Harold J. L. Irwin, the defendant and appellant herein, appeals to this court from an order entered by the District Court of Adams County, Nebraska, sentencing the defendant to six consecutive terms of imprisonment of 5 years each, stemming from his 1972 conviction on six counts of rape. We affirm.

While the factual background of this case is amply set out in our decision of State v. Irwin, 191 Neb. 169, 214 N.W.2d 595 (1974), we will restate the pertinent facts that are applicable to this appeal. On February 17, 1972, Irwin was convicted after a jury trial on six counts of rape and one count of robbery. The offenses for which the defendant was convicted occurred in or near Hastings in Adams County, Nebraska, on separate occasions dating from April 21, 1969, to February 21, 1971. Irwin was sentenced on March 10, 1972, to a term of 20 to 25 years' imprisonment on the robbery charge. With regard to the rape convictions, a separate proceeding was instituted under the sexual sociopath act, Neb.Rev.Stat. §§ 29-2901 to 29-2910 (Reissue 1975), which statute was subsequently repealed in 1979. In the original proceedings, the defendant was found to be a sexual sociopath and was committed to the Nebraska Penal and Correctional Complex for an indefinite period. The defendant thereafter appealed his conviction and sentence to this court, and we affirmed the decision of the trial court in State v. Irwin, supra.

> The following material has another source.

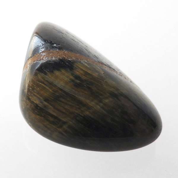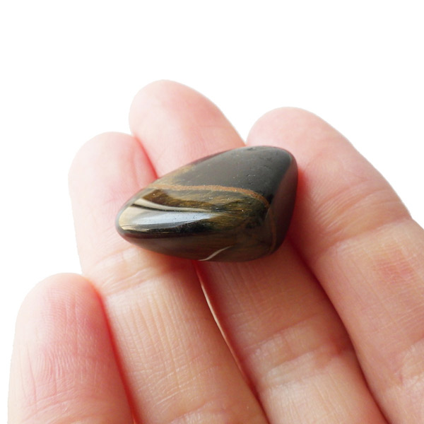 ブラジル産のウルフアイ、タンブルです。ウルフアイまたはウルフズアイとして表記されています。ウルフアイは流通名でホークスアイからタイガーアイに変化している間の両石の一面が同時に見られる石のことを呼んでいます。おおまかにホークスアイに分類されている場合もあるかと思います。色味でいえば青から黄色に変化する途中のものをウルフアイと呼びます。きれいに目が出ている特別なものを厳選してご紹介しております。ライトなどで照らすと、よりキラリとキャッツアイ効果が分かりやすく輝くかと思います。ウルフアイの名前の通り、かっこよく光り輝く素敵な石です。

In 1979 the sexual sociopath act under which the defendant had been committed was repealed. It was superseded and replaced by L.B. 378, the new mentally disordered sex offender act, now appearing as Neb.Rev.Stat. §§ 29-2911 to 29-2921 (Reissue 1979). Thereafter, the defendant was returned to the District Court for disposition pursuant to the provisions of the new statute.

On May 8, 1980, the trial court determined that the defendant was a mentally disordered sex offender under the new law; that the disorder was treatable; and that the recommended treatment was available in Nebraska. The defendant was sentenced to consecutive terms of 5 years each on the six rape convictions, each sentence to run consecutive to the other and concurrently with the balance of defendant's robbery sentence. The District Court also granted the defendant a credit of 8 years and 220 days on the aforementioned sentences for time spent in custody.

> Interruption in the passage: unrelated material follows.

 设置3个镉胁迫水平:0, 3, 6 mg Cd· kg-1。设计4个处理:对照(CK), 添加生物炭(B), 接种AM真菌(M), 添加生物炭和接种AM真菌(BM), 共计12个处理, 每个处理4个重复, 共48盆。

Irwin has appealed to this court, assigning as error: (1) That the District Court erred in imposing an indeterminate sentence of 20 to 25 years for the robbery conviction; (2) The court exceeded its discretion by imposing consecutive sentences of 5 years each for six counts of rape; (3) The appellant's right to constitutional due process and equal protection is denied by imposition of a sentence under the new mentally disordered sex offender act.

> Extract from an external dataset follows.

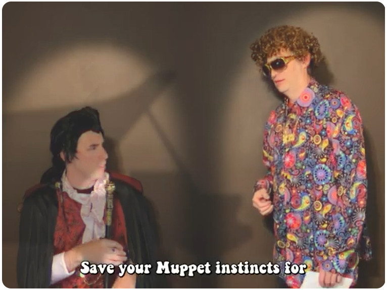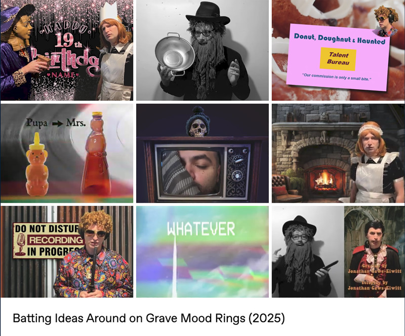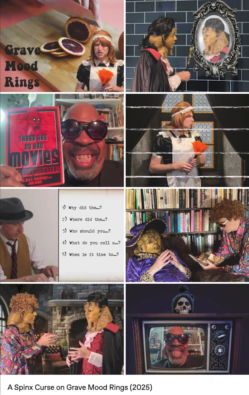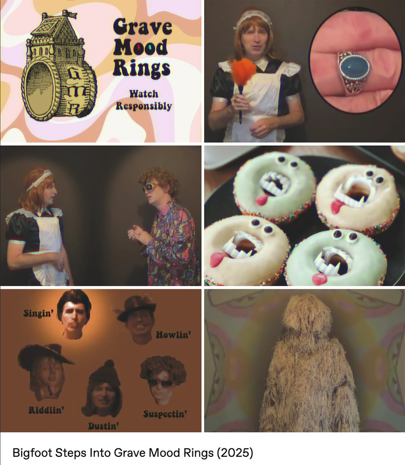 Parody analog horror meets 1970s tropes (like pet rocks, lava lamps, disco music, bell-bottom pants, mirror balls, and of course mood rings) in the web series Grave Mood Rings. It pokes fast fun at classic slow-moving Gothic soap operas like Dark Shadows and the Canadian series Strange Paradise. In addition to a vampiric Viscount, a castle is home to a groovy Doctor (a phlebotomist, naturally), a jolly housekeeper with her own laugh track, a werewolf Vicar, and an arch-nemesis riddler wearing a Sphinx mask. Corny wordplay, the occasional bizarre sing-a-long, and haunted doughnuts punctuate the proceedings, in the tradition of the sketch comedy of MadTV, Kids in the Hall, and SCTV.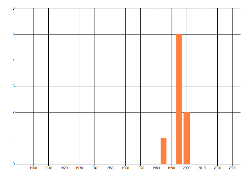 Het aantal atlasblokken (5x5 km) waarin de soort is gemeld binnen een periode van vijf jaar (vanaf 1980) of twintig jaar. Niet gecorrigeerd voor waarnemersinspanning en het aantal doorgegeven waarnemingen kan sterk variëren per periode, dus een trend in verspreiding kan hier niet direct uit worden afgelezen. Het opgegeven jaartal is het eerste jaar van de periode. Bron: gevalideerde waarnemingen uit de NDFF.

At the outset, we note that § 29-2921, the statute under which the defendant was sentenced, states: "All persons now committed under Chapter 29, article 29, as either a sexual psychopath or a sexual sociopath, shall forthwith be returned to the district court which committed them for review and disposition consistent with the terms of section 29-2911 to 29-2921." The proceeding from which this case is appealed was instituted in the District Court pursuant to the directive found in the aforementioned statute in order to review the defendant's 1972 commitment as a sexual sociopath.

In his brief on appeal, the defendant would have us review his 1972 robbery sentence. This we cannot do. Section 29-2921 calls for the review of commitments made under the sexual sociopath law alone, and in no way authorizes this court, or the District Court, to review a conviction or sentence which is unrelated to the defendant's status as a sexual sociopath. The defendant's original commitment, based on the six rape charges was made under the old sexual sociopath act in a separate and distinct proceeding from the criminal proceedings in which he was sentenced for the robbery conviction. The crime of robbery is not a sex offense. We are convinced that the new mentally disordered sex offender act does not authorize the courts of this state to review criminal proceedings unrelated to a defendant's status as a sex offender. The defendant already has had a opportunity to and did have his robbery conviction reviewed by this court in State v. Irwin, supra, and the opinion in that case clearly states that all seven offenses were before the court in that appeal.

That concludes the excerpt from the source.